Question: why have proposer payment? why would it be higher in some instances and not others?

Answer: builders compete for inclusion in a particular slot. So when a validator requests a payload header from the relay and the relay responds with the most profitable one it knows about, depending on the MEV opportunities extracted, the payment to proposer may be higher then usual.

Question: where does private order flow fit into mev-boost architecture?

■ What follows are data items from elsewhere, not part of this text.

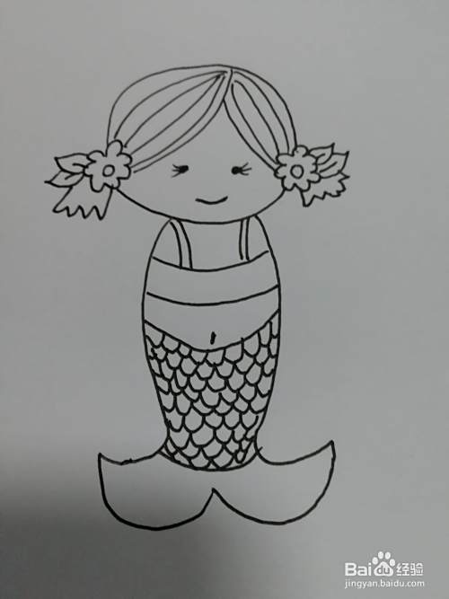 然后我们画出美人鱼小女孩的美人鱼的尾巴,这里我们画出鳞片就好,如下图:
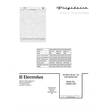 Parts for Frigidaire FDB2410HIB0: 01 - Cover Parts
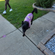 Male Black dog with flower sweater. Brown eyes. Proof of ownership is required.
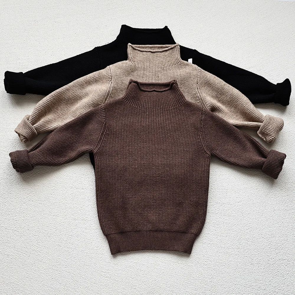 秋コーデにぴったりな女の子韓国風タートルネックニットトップス 80–130cm
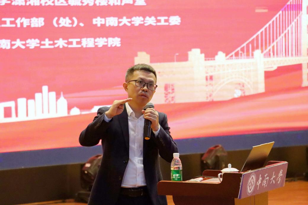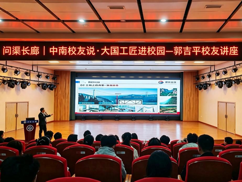 4月18日,由中南大学学生工作部(处)、关心下一代工作委员会主办,土木工程学院承办的以“大国工匠进校园”为主题的问渠长廊·中南校友说活动在毓秀楼和声堂成功举办。我校2000级杰出校友、贵州交投经济与技术研发有限公司研究员、全国劳动模范、全国五一劳动奖章获得者、2025年“大国工匠年度人物”郭吉平担任主讲嘉宾,与师生们一同回望从峡谷到云端的建桥征程,共话土木青年的使命与担当。中南大学学工部副部长宋晓东、校关工委副主任李登伶、天心校区关工委常务副主任胡亚军、土木工程学院副院长乔世范、党委副书记纪晓飞出席。

Answer: the builder role can be modeled as taking input (1) bundles from searchers and input (2) transactions comprising the private order flow, thus building a block and forwarding to the relay, without the transactions in input (2) ever having to touch the public mempool. Of course, it's possible that a given agent/actor in a "builder" role is just a searcher themselves, but it's helpful to think of these as separate entities.

Builder centralization

• A challenging result of block building becoming centralized (due to some reasons mentioned in earlier section on PBS) is that certain parties will by definition get to build more blocks then others, meaning the contents of the blocks can be controlled.
  • The main issue that jumps out here is censorship
  • But even with safeguards against censorship like inclusion lists / whatever similar techniques, just the fact that once a builder or a collective of builders gets good at building, less people will be able to challenge them is not good.

Builder role innovation

• There's an interesting talk by @ralexstokes here that has a few suggestions for interesting utilities that builders can provide

Visualization Resources

Collecting useful resources for existing MEV <> PoS ETH visualization and things that can be hacked together to make work even better.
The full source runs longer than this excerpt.